The EGM will be convened and held for the Shareholders to consider and, if thought fit, pass the relevant resolution(s) to approve (i) the Placing Agreement and the transactions contemplated thereunder and the Specific Mandate and (ii) the Proposed Change of Company Name.
A circular containing, among others, (i) further details of the Placing Agreement and the transactions contemplated thereunder and the Specific Mandate; (ii) details of the Proposed Change of Company Name; and (iii) a notice convening the EGM will be despatched to the Shareholders as soon as practicable in accordance with the requirements of the Listing Rules.

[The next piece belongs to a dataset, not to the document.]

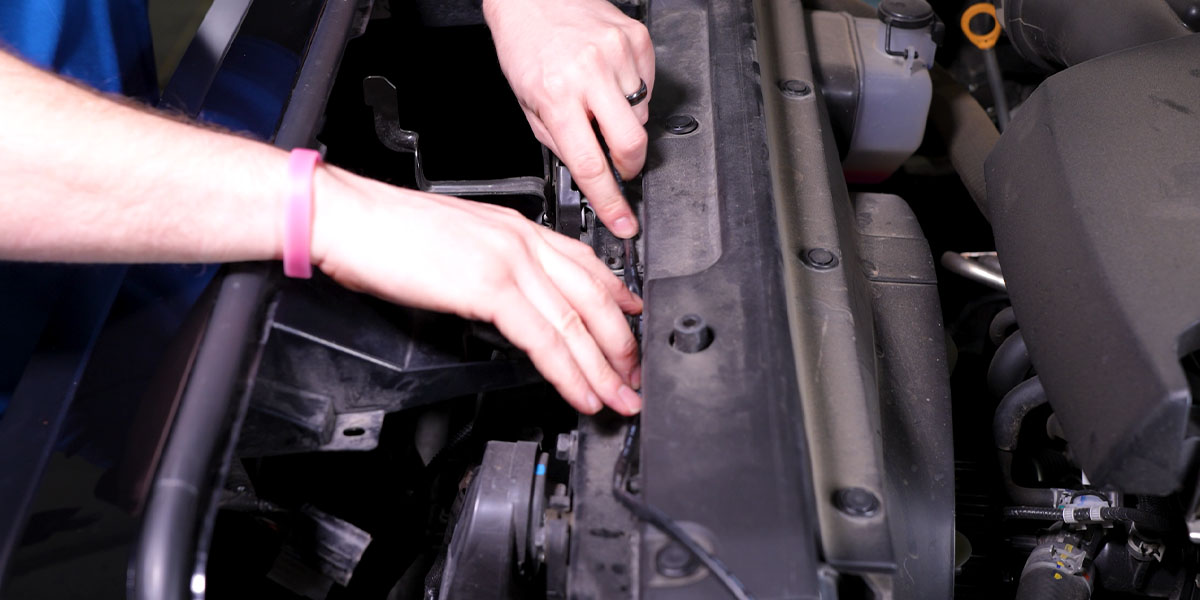 Next, use a pair of pliers to squeeze the two tabs holding the sensor connector at the top of the grille and disconnect the wiring harness. Once disconnected, remove the grille from the vehicle.

Completion of the Placing is subject to the satisfaction of the conditions precedent in the Placing Agreement. As the Placing Agreement may or may not proceed, Shareholders and potential investors are advised to exercise caution when dealing in Shares.
(I) THE PLACING AGREEMENT
Date
12 May 2011
Issuer
The Company
Placing Agent and Placees
Fortune (HK) Securities Limited, a company incorporated in Hong Kong and a whollyowned subsidiary of the Company, agreed to place, on a best-effort basis, all of the 150,000,000 Placing Shares and shall be entitled to a placing commission of 1% of the aggregate consideration received by the Company from the sale of Placing Shares on the Completion Date. The placing commission is being set lower than the market rate since the Placing Agent is a wholly-owned subsidiary to the Company. The Directors are of the view that the placing commission is fair and reasonable.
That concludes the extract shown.